The dynamism continues with Dustin Binman (notable for the awesome power-riffs of the final third); the no-nonsense Brad Shitt, which hungrily rifles through tempos as locked-together guitars dance up and down fret-boards; and Sexy Grandad, a warped array of volatile percussion and tricksy quasi-melodies. By which point anyone in their right mind will be ready for something less forcefully kinetic – a craving Gastric Band astutely sate with Under A Glass Table’s eight minutes of comparatively cogent prog. Easy listening it ain’t, but well worth dropping a few pounds for.
Spectrals - Sob Story (***)
Spectrals – the nom de plume of Yorkshire singer-songwriter Louis Jones – introduced his brand of lovelorn guitar pop on 2011’s promising Bad Penny, a strong debut that secured the then-21-year-old profile-raising support slots with the likes of Best Coast and Real Estate. But unlike said record’s proverbial namesake, his return is a welcome one - albeit with a caveat or two.
The first reservation is country-tinged ballad Friend Zone: musically elegant but lyrically whingey, its introspective rejection narrative proves rather too on the nose (“you probably think I’m really nice… you wouldn’t be seen dead with me”). The second miss is closer In a Bad Way, in which the title is repeated ad nauseam over a flat dirge, ending the album in, well, a bad way. But elsewhere, Jones finds his flair with faster, more dynamic tracks like the glam-echoing new wave of A Heartbeat Behind, which earns Sob Story its happy ending.
Anna Von Hausswolf - Ceremony (****)
If you think the title of Ceremony’s opening instrumental Epitaph of Theodor sounds grandiose, wait till you hear its brooding church organ melody – an imposing herald for its majestic parent album.

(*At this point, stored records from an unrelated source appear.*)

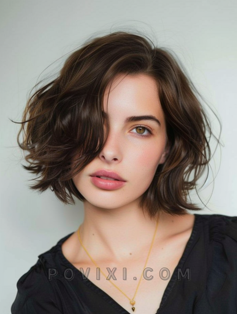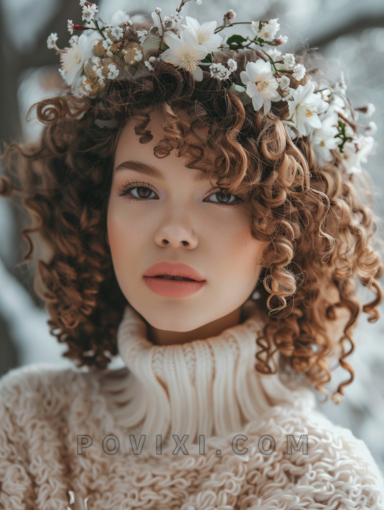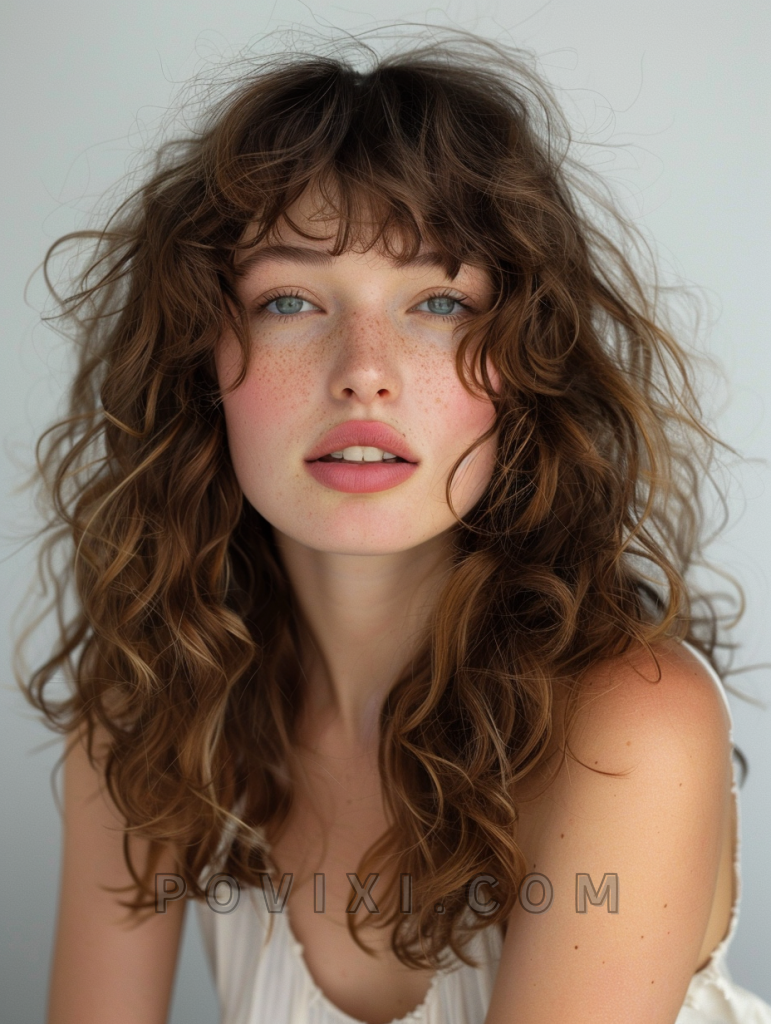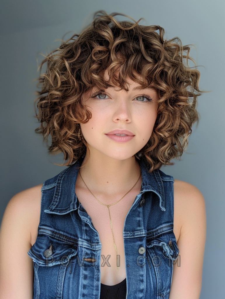 The curly shag with bangs is trendy and edgy, perfect for casual birthday parties or techno nights. It’s best for those with natural curls, suited to short to medium hair, and flatters round and heart-shaped faces.
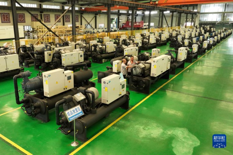 9月12日,工作人员在位于沧州市的河北益民五金制造股份有限公司成品区对地源热泵机组进行出厂前全面核对。 近年来,南皮县积极引导县域内五金机电企业加大科技创新力度,鼓励和支持企业自主培育研发团队,积极搭建产学研合作平台,不断提升产业集聚程度,推动五金机电产业“从机械化到智能化”升级,助推区域经济高质量发展。 新华社记者 骆学峰 摄
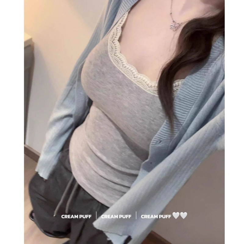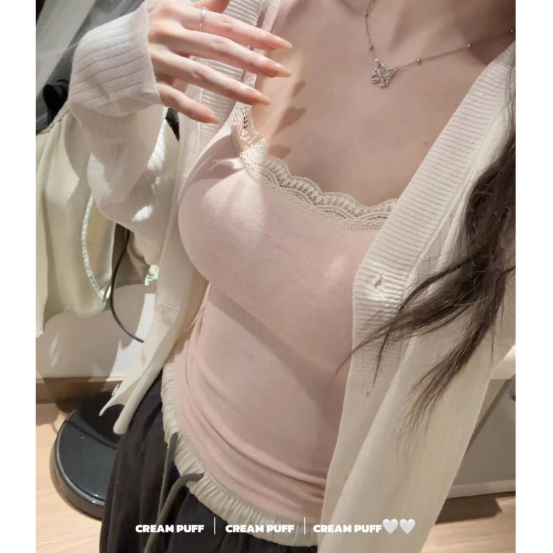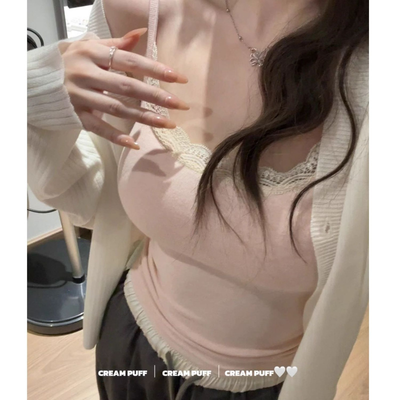 纯欲甜辣蕾丝吊带背心女带胸垫打底内搭外穿修身显瘦无袖辣妹上衣 商品图1
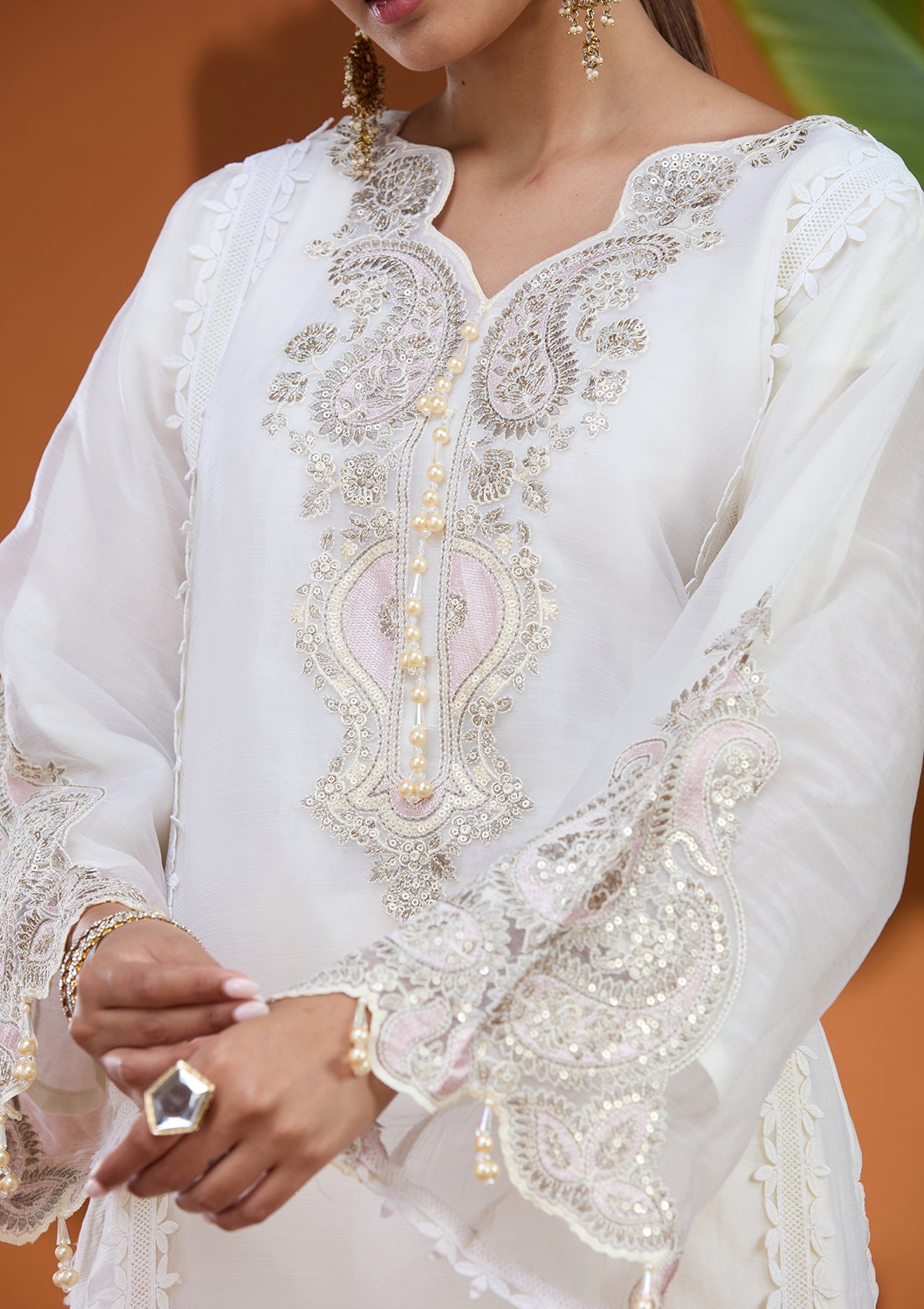 Cream Salwar_RM in Tissue fabric. The Salwar_RM is embellished with Cutdana embroidery. Accompanied with a bottom and dupatta. Comes with the Koskii promise of premium quality.
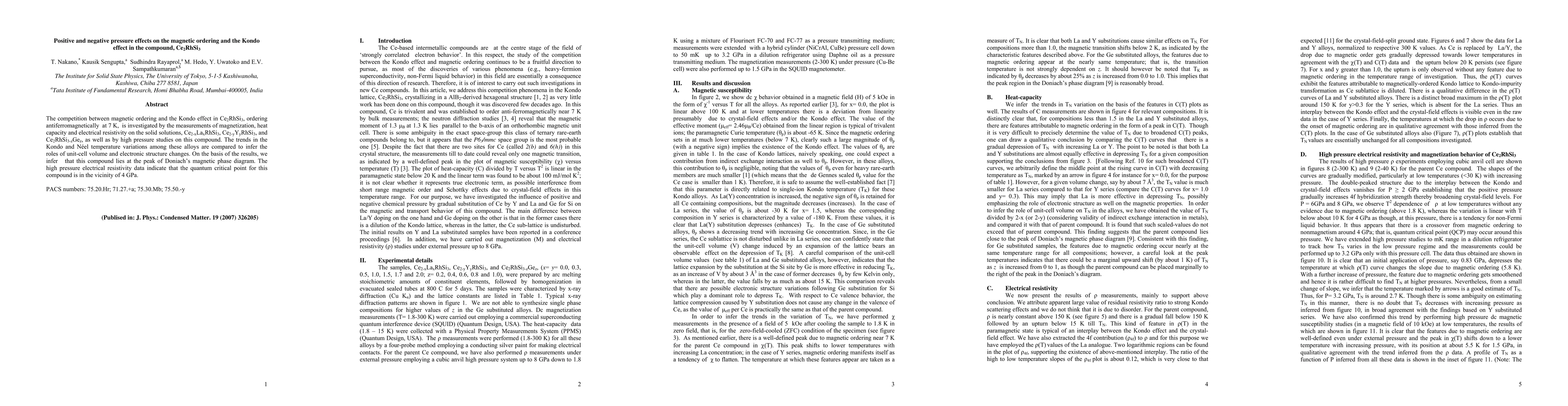The competition between magnetic ordering and the Kondo effect in Ce2RhSi3, ordering antiferromagnetically at 7 K, is investigated by the measurements of magnetization, heat capacity and electrical resistivity on the solid solutions, Ce(2-x)La(x)RhSi3, Ce(2-y)Y(y)RhSi3, and Ce2RhSi(3-z)Ge(z), as well as by high pressure studies on this compound. The trends in the Kondo and Neel temperature variations among these alloys are compared to infer the roles of unit-cell volume and electronic structure changes. On the basis of the results, we infer that this compound lies at the peak of Doniach-magnetic-phase-diagram. The high pressure electrical resistivity data indicate that the quantum critical point for this compound is in the vicinity of 4 GPa.
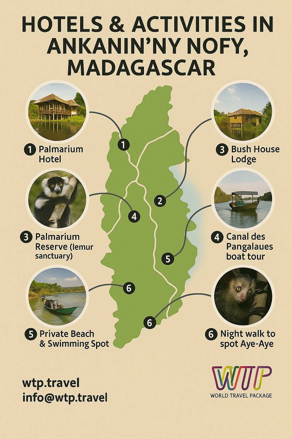 Accès : Généralement accessible en bateau depuis Tamatave (Toamasina) via le canal des Pangalanes – un trajet paisible et pittoresque.
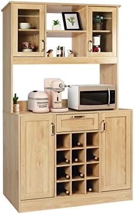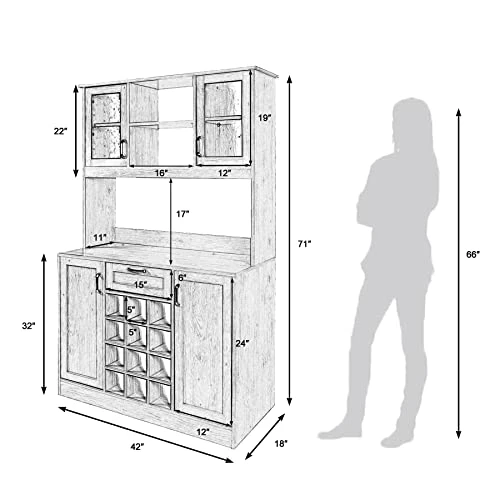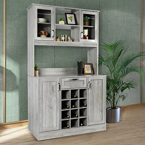 - ✅【Large Wine Rack Storage】->>The kitchen sideboard is equipped with a 12-bottle wine compartment, which provides users with enough space to store wine and other wine bottles. Make full use of the limited space, which greatly facilitates your storage of items. The size of each wine rack: 5″ (L) X 5″ (W), which provides complete stable support and good protection for the wine.

Throughout, Swedish songwriter Anna Von Hausswolff’s compositions are toweringly dramatic: whether evoking ruin or resurrection, doom or desire, her spiralling vocals are as radiant as its organ rumbles are deep.
This play of light and shade is integral to Ceremony’s impact, with a track like Deathbed creating a dark, dangerous atmosphere through ominous drones, then building to a glorious, final act ascendance. Mountains Crave has a relative levity (despite its ‘rain/pain’ rhymes) while Epitaph of Daniel recalls the haunting, graceful motifs of Angelo Badalamenti’s Twin Peaks work, balancing the foreboding tone that governs the likes of No Body’s tuneless interlude or Goodbye’s mournful undertow. Despite its hefty length and heftier emotions, Ceremony’s integral beauty makes its navigation an absolute delight.